Pastor Eugene Cho. Photo credit: Jacklyn Tran.

Three billion people in the world live on less than $2 a day while 1.4 billion live on less than $1.25—under conditions considered extreme poverty. To read such facts is effortless but to see and understand its true meaning can stir others to action.

Eugene Cho, lead pastor of Quest Church in Seattle, has always known the statistics of extreme global poverty.

“I always felt helpless, even paralyzed by it,” Cho said.

But a trip three years ago created an experience that moved him, made him see more clearly what poverty meant, and forced him to realize that helplessness was not an answer.

During a trip to a Myanmar jungle, he visited with a persecuted group living there. While at the village school, a shack-like building, he was told by an elder that the teachers were paid $40.

“I assumed at worst it was 40 bucks a week, but he shook his head when I asked. It was $40 a year. At that moment, it hit me. We might not be able to change the world, but any one of us can have an impact,” said Cho.

He returned to the states but continued thinking and praying about what he’d learned. With his wife, Minhee Cho, they decided to help in the cause and began a Facebook group called Fight Global Poverty. The Chos pledged to give $1 for every member that joined the group, up to $100,000. Members quickly swelled to reach over 1 million.

Keeping their word, the Chos and their three children initially made the sacrifice of one year’s wages or $68,000, in 2009. One month’s wage will be paid each year for the next five, to make up the rest.

“Last year was the hardest year of our lives,” said Cho. “When you make the decision it’s because you’ve thought about it and it’s doable. But we didn’t know what would happen with the economy.”

The Chos had originally planned to sell their rental home but the state of the housing market proved impossible, putting them in a bind. Instead, they were forced to sell other assets such as Cho’s prized “mid-life crisis car,”—a Mazda Miata. The family reduced spending where they could, even taking loans out to pay for Minhee’s continued studies in graduate school. They did what they needed to and didn’t buy a thing, they said.

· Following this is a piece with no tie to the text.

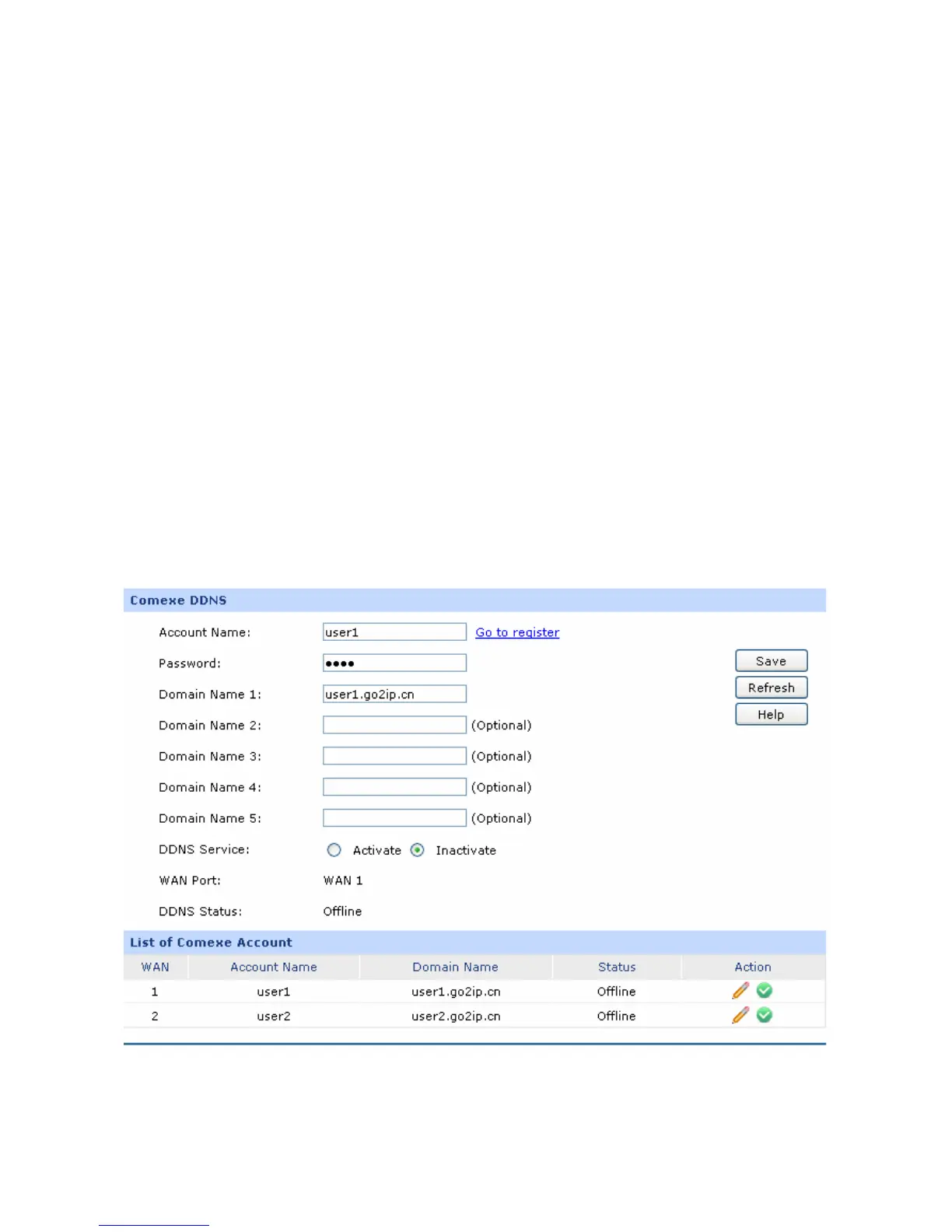Choose the menu Services→Dynamic DNS→Comexe to load the following page.

“You go out with the intent to change the world but what happens is you go out there and you are changed yourself…All of our family members sacrificed and we simplified our lives,” reflected Cho.

Even with all of those cut-backs, the Chos still found themselves short. In a last ditch effort, Cho posted an ad to sublet their home at a relatively high price, not expecting a response. Within a day, he had an interested party and had to explain to his wife and children with two days notice that they would all have to pack up and leave their home. With the help of friends, they were able to make it through the seven weeks away from home.

“Numerous times I thought about reneging but we went public with it so I couldn’t take it back,” said Cho. “If I had known how hard it was, I wouldn’t have done it. I wouldn’t have wanted to put my wife and kids at any kind of risk…But now that it’s passed, it’s changed our lives and I’m thankful.”

In October of 2009, with funds from their pledge, they launched a grass-roots, global movement with the non-profit organization, One Day’s Wages.

With one day’s income equaling just 0.4% of a person’s annual earnings, the organization hopes that people will join the movement and pledge one day of their own wages, renewing the pledge every year on their birthday.

“[Donors] can choose where to donate so there’s a sense of empowerment there. To stay true to the commitment of donating 100 percent of funds [minus credit card charges], we’ve raised money on the side to take care of the first couple years of administration costs,” shared Cho.

At One Day’s Wages, it’s not about the wealthy philanthropist who gave millions. It’s the story of the little girl that gave her whole piggybank of $71.18 that is celebrated, or the high school student who raised $10,000 to make a difference. It’s about the compassion of each and every person and the positive impact of their mobilization.

“Typically we learn to sacrifice through fear or guilt,” said Cho. “[With One Day’s Wages] we want to instill hope, courage and beauty instead. We want to share stories of people all over the world to inspire. There’s a saying that I really believe in by Mother Theresa. It goes, ‘If you can’t feed a hundred people, then just feed one.’ That’s what I want to encourage to people.”